US 12,217,519 B2
	Systems and methods for uncertainty aware monocular 3D object detection
Rares Andrei Ambrus, San Francisco, CA (US); Or Litany, Sunnyvale, CA (US); Vitor Guizilini, Santa Clara, CA (US); Leonidas Guibas, Palo Alto, CA (US); Adrien David Gaidon, Mountain View, CA (US); and Jie Li, San Jose, CA (US)
Assigned to TOYOTA RESEARCH INSTITUTE, INC., Los Altos, CA (US); and THE BOARD OF TRUSTEES OF THE LELAND STANFORD JUNIOR UNIVERSITY, Stanford, CA (US)
Filed by TOYOTA RESEARCH INSTITUTE, INC.; and THE BOARD OF TRUSTEES OF THE LELAND STANFORD JUNIOR UNIVERSITY, Stanford, CA (US)
Filed on Dec. 6, 2021, as Appl. No. 17/543,144.
Prior Publication US 2023/0177850 A1, Jun. 8, 2023
Int. Cl. G06N 3/08 (2023.01); G06T 7/20 (2017.01); G06V 20/56 (2022.01); G06V 20/64 (2022.01)
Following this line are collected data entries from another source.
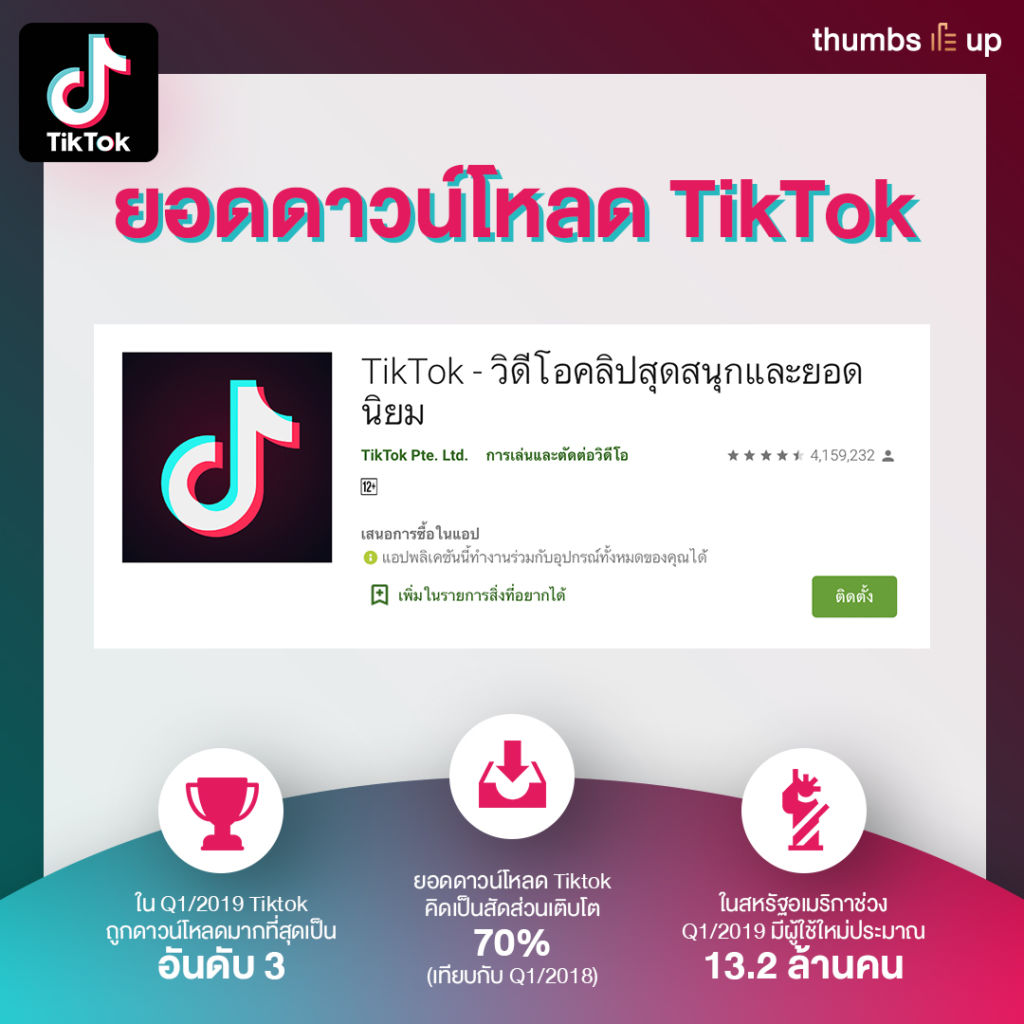 – ยอดดาวน์โหลด TikTok คิดเป็นสัดส่วนเติบโต 70% เทียบกับไตรมาสที่ 1 ปี 2018
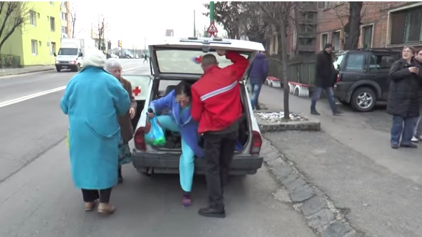 Imagini incredibile suprinse de jurnalișii brașoveni! Dintr-mașină din anii ’80 (Dacie Papuc) care transportă persoane aflat în îngrijire medicală au coborât TREI pacienți. Primul de pe bancheta din spate și doi din locul destinat tărgii (practic au împărțit aceeași targă). În total, în mașină, se aflau 5 persoane – șoferul, o asistentă și cei trei pacienți, notează brasovultau.ro
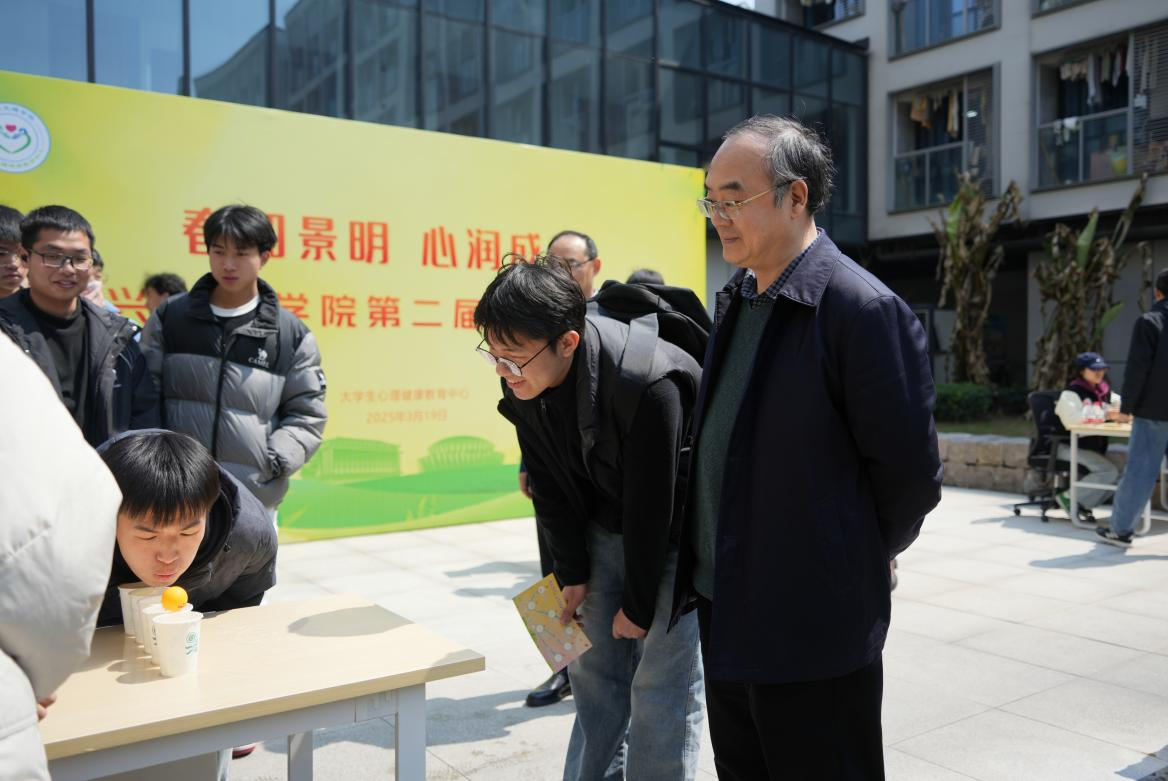 碧空如洗,微风不燥。在春风送暖中,校学工部心理中心在河东青藤书院举办第二届“春和景明,心润成长”心理游园会,全校1000余名同学参加了此次活动。同学们在欢笑与挑战中,探寻内心深处的宝藏。校党委副书记黄坚参加了此次活动,并与同学们深入交流。
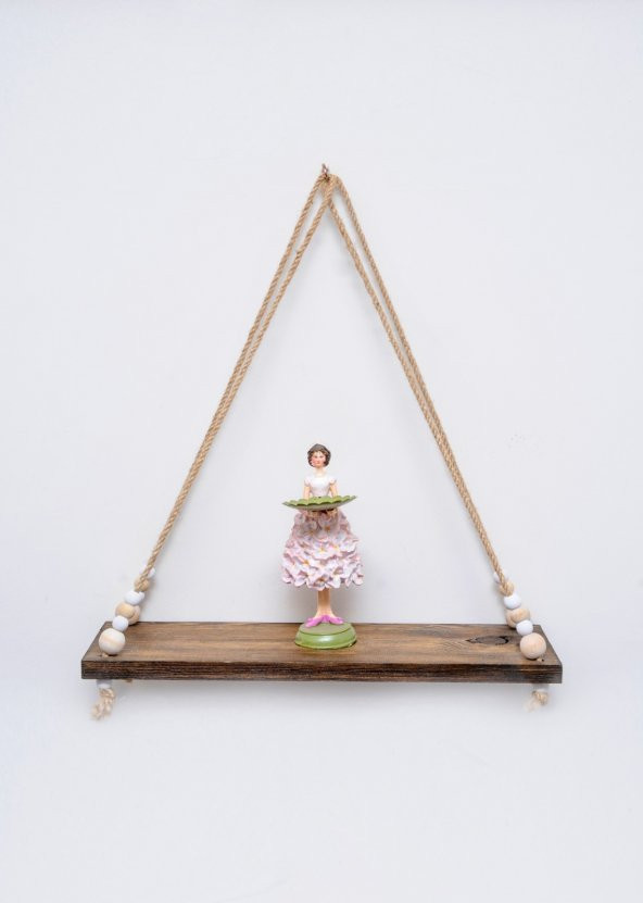 DEKORATİF AHŞAP BONCUKLU HALATLI DUVAR RAFI - KİTAPLIK - ÇİÇEKLİK
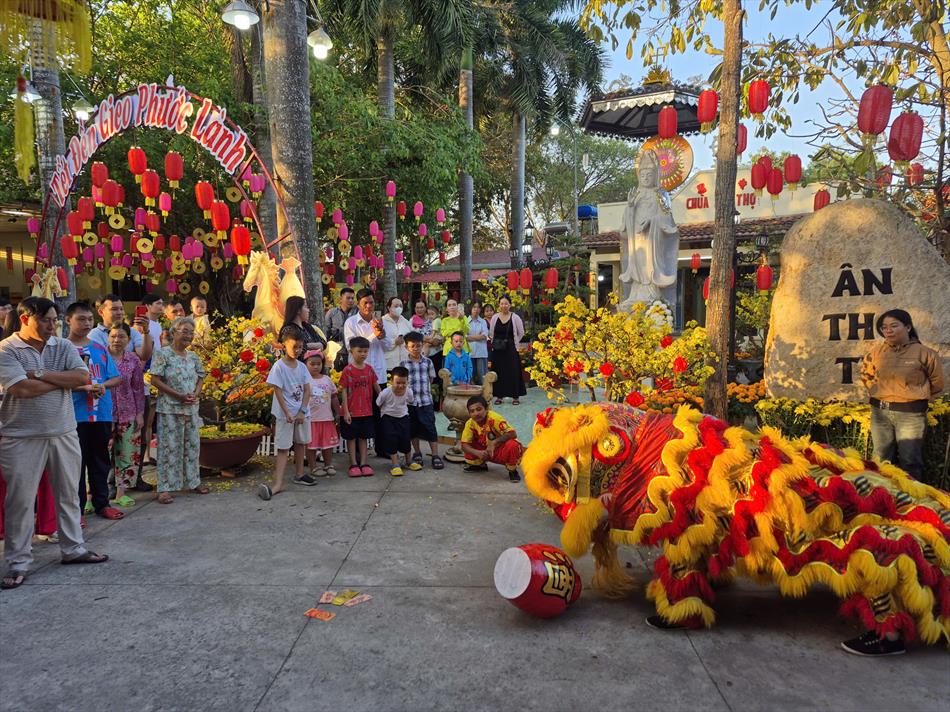 Đông đảo bà con Phật tử và người dân địa phương đã đến thưởng thức, chiêm bái và chung vui trong những ngày đầu năm mới, cùng cầu chúc một năm an lành, cát tường và thịnh vượng.
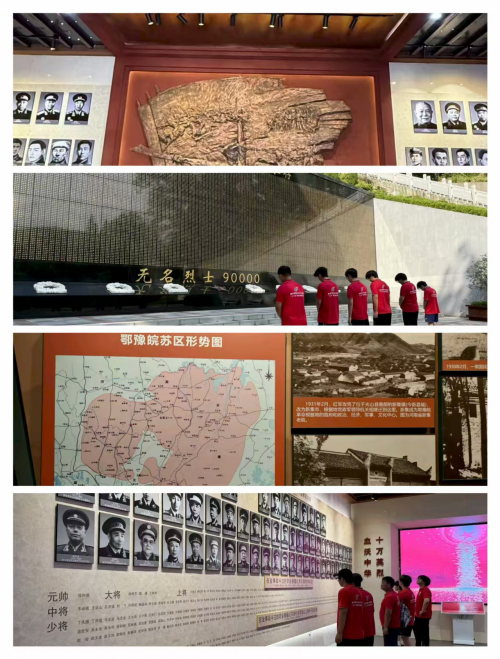 金寨县作为全国著名的“将军县”,是大别山精神的重要发源地。在红军广场和金寨革命烈士陵园,苍松翠柏环绕着烈士纪念塔,实践团队为烈士墓清理杂草,在英烈纪念墙前肃立默哀,表达对烈士的诚挚敬意和无限哀思,在庄严的氛围中完成精神洗礼。同学们听着老红军后代讲述父辈的战斗故事,朴实的话语让革命精神变得可感可触。在纪念馆牌坊下,队员们身着统一红衫,以青春之姿开启寻根之旅。踏入园区,“无名烈士 90000”的黑色纪念碑前,他们低头默哀,祭奠那些未留姓名却永存山河的英魂。烈士纪念塔巍峨矗立,红星闪耀,队员们整齐列队瞻仰,塔身 “燎原星火” 四字,让大别山革命火种绵延的故事具象眼前。走进馆内,将领名录墙与珍贵史料,串联起鄂豫皖苏区的烽火岁月,队员们认真聆听讲解,在历史细节里触摸信仰力量。活动中,队员们还拜访当地革命先辈。老人坐在旧沙发上,缓缓讲述当年的战斗与坚守,青春面庞围坐聆听,让红色传承在代际对话中升温此次实践,是课本外的生动党课。队员们重走的不仅是地理意义的抗战路,更是回溯精神的朝圣路。大别山的红色基因,正以这样的方式,在新一代青年心底埋下火种,待化作前行的光与热,照亮传承与奋进的征程 。同学们思想上受到极大鼓舞,他们纷纷表示,今后将会把抗战精神和大别山精神转化为学习和成长的动力,为建设更加强大的祖国贡献力量。
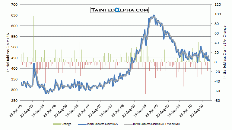 Initial jobless claims in the U.S. were reported at 439.000. The consensus was at 441.000, last week revised (down 3.000) reading was at 437.000.

CPC G06V 20/64 (2022.01) [G06N 3/08 (2013.01); G06T 7/20 (2013.01); G06V 20/56 (2022.01); G06T 2207/30241 (2013.01)]

20 Claims

1. A method for uncertainty aware 3D object detection, comprising:

predicting, using a trained monocular depth network, an estimated monocular input depth map of a monocular image of a video stream and an estimated depth uncertainty map associated with the estimated monocular input depth map;

feeding back a depth uncertainty regression loss associated with the estimated monocular input depth map and a ground truth depth map during training of the trained monocular depth network to update the estimated monocular input depth map to form an output monocular depth map;

updating the output monocular depth map using a vote regression loss from a 3D object detection network based on an aggregated depth uncertainty map corresponding to the estimated depth uncertainty map and the output monocular depth map;

detecting, by the 3D object detection network, 3D objects from a 3D point cloud computed from the updated output monocular depth map based on seed positions selected from the 3D point cloud and the aggregated depth uncertainty map; and

selecting, by the 3D object detection network, 3D bounding boxes of the 3D objects detected from the 3D point cloud based on the seed positions and refined, predicted votes based on the aggregated depth uncertainty map.